で、このクルマを買うかどうか。申し訳ないけど、買わないでしょう。何故か。このクルマにはストーリーがないからです。当たり前だろう、とおっしゃいますか? 確かに新しいブランドであるLexusにストーリーを求めてもしょうがないのかも知れません。でも買い手の気持ちになれば、少なくない金額を投じて、何年か乗るクルマのチョイスには真剣にならざるを得ません。フェラーリが何故あれほど尊敬されるか、アルファが今でもあれほど愛されるのは何故か、考えてみれば答えは自明です。だから、Lexusが諦めずにこのクルマを30年作り続ければ、徐々に評価されてくると思います。問題はここです。日本メーカーはすぐに諦めるんですよ。すぐに「売れませんから」。違うでしょ。売れるかどうかじゃなくて、作り手の思い入れはどこにあるのか、クルマに対する熱い思いに賛同するからユーザーはお金を払うんですよ。マーケティングとか、効率とか、株価とか、そういうの気にするから面白いクルマが生まれないんでしょう。

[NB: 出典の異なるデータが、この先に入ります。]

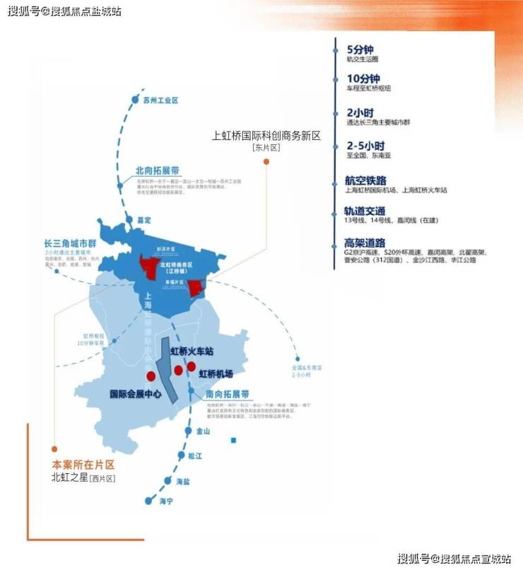 北虹桥作为虹桥国际开放枢纽的创新承载区,兼具“长三角,大虹桥”的双重区位优势,将承载虹桥国际中央商务区主导功能,成为链接辐射长三角的创新经济集聚区、中央商务配套区和高品质国际化社区。“上虹桥·城市更新区”项目围绕“开放北虹桥,创新领航地"总体定位,以承载虹桥商务区主导功能、链接辐射长三角为方向,聚焦打造创新经济集聚区、中央商务配套区和高品质国际化社区,引领赋能虹桥国际开放枢纽北向拓展带发展。(数据来源《上虹桥·城市更新区规划发布》)● 交通与基础设施建设:
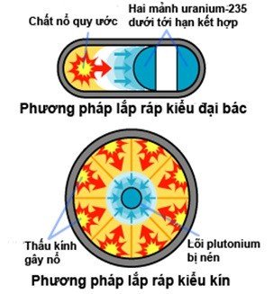 Hai cách kích nổ bom nguyên tử. (Ảnh: Wikipedia).

考えてみると、今尊敬されている自動車メーカーには、必ず熱いカーガイの存在がありました。エンツォ・フェラーリ、コーリン・チャップマン、キャロル・シェルビー、リー・アイアコッカ、ピーター・ウィーラー(TVR)などなど。日本にもGT-Rの水野さんとか、ロードスターの貴島さんとか、カーガイはちゃんといるんですよ。それが継続されていかないところに問題があります。私は日本車で一番尊敬すべきバックグラウンドがあるのはフェアレディZだと思ってるのですが、このクルマも一旦生産打ち切りの憂き目にあっています。更に今現在、売れ行きの悪さで後継モデルの開発をちゃんとしていないという話も聞いています。これでは歴史が作られて行きっこないですよ。日本企業の問題は、結局経営者の質に収斂するのだと思います。サラリーマン経営者の限界かな…?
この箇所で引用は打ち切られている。